JOHN: "Why not? It's home movies. And the ultimate movie is a home movie. Luc Godard, or whatever his name is, is now making 8mm films. Home movies is where it's at. Poetry's done at home -- why shouldn't movies be the same way?"
"In our film 'Apotheosis' you see us for only two seconds. In 'Fly,' Yoko's film, she's not in it. In 'Rape' there was a Hungarian girl. In 'Erection,' the one I've just made about a hotel, it was done from still photographs over a year and a half. There's only a couple with us in -- so that whole thing is a lie."
YOKO: "If we were putting ourselves in films all the time -- so what. We do not pretend."
Q: "Yoko's art seems to me to exclude appreciation of the more established works of art, the Mona Lisa, and so on."
JOHN: "Not necessarily, but her art is the very opposite of making a saint out of the Mona Lisa or having it in a building where people could be living."
YOKO: "I'm not somebody who wants to burn the Mona Lisa -- that's the difference between some revolutionaries and me -- they think you have to burn the establishment. I'm just saying, make the Mona Lisa into something like a shirt. Change the value of it. It's like those four boys who got together to make the Beatles and without kidding anybody they changed the whole world. And that's beautiful. That's all I'm trying to do -- the only thing with the Beatles is that they changed it and then they stopped there -- they weren't going on being revolutionaries."
JOHN: "I never wanted the Beatles to be has-beens, I wanted to kill it while it was on top. Remember I said ten years ago, 'I'm not going to be singing She Loves You at thirty.' Although I expressed it that, by thirty, I guess I would have woken up a bit or changed my sights."
Q: "Are you now remotely interested in singles or chart success?"
JOHN: "Sure. I get all the musical papers and the daily papers. I get my world chart thing and Billboard, and the other one... Cashbox, and I mark off all the Apple records all 'round the world. The Beatles are blasting the world up. We've got records everywhere and two or three in every chart. I get a kick out of it because I'm getting through to all those people, and because I'm doing it on my own or with Yoko."
"And I like singles, and not LPs. I like the idea of saying everything in three minutes."
Q: "Did you listen to Paul McCartney's 'Ram' album?"
JOHN: "Of course I did. The first time I heard it I thought it was awful, and then the second time, ahem, I fixed the record player a bit and it sounded better. I enjoyed a couple like 'My Dog It's Got Three Legs' or something, and the intro to 'Uncle Albert.' I can't stand the second track from the... well I mean, it doesn't matter anyway. In general I think the other album he did was better in a way. At least there were some songs on it."
"I don't like all this dribblin' pop-opera jazz. I like pop records that are pop records."
Q: "Is there a song on your album 'Imagine' that refers to Paul... lines about a pretty face and the sound of Muzak?"
JOHN: (smiling) "Er, there's a song which COULD be a statement about Paul. It could be interpreted that way. But then, it could be about an old chick I'd known."

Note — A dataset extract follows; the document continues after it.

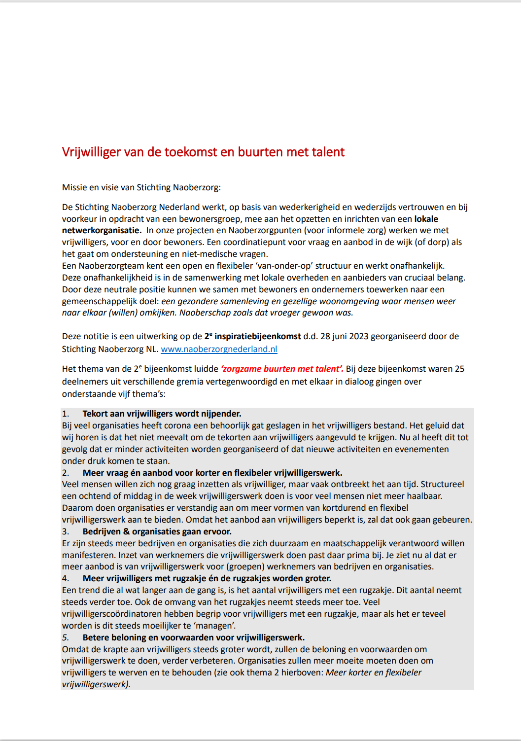 Hoe vrijwilligers de trainingen ervaren en welke thema's aan bod komen kunt u lezen in het 2e reisverslag Naoberzorg in de praktijk in de Norbertuswijk (zie onderaan foto).

Q: What do you think of your own album?"
JOHN: "It's the best thing I've ever done. This will show them. It's not a personal thing like the last album, but I've learned alot and this is better in every way. It's lighter too -- I was feeling very happy. There's a guy called George Harrison on it and he does some mother of solos. George used to be with The Bubbles or somebody. Then there's a guy called Nicky Hopkins. Then there's Jim Gordon on drums, Alan White on drums, Jim Keltner on drums, and they're fantastic."
"Yoko's on whip, and that's very good. Whip and mirror, actually. Then we had John Barnham on a few things and King Curtis is on sax. The Flux Fiddlers are on violins."
"Eighty percent was recorded in Britain in seven days. I took them, re-mixed them, and took it to America like they used to do in the old days. It took me nine days to make this album, and ten to make the other before... so I'm getting faster."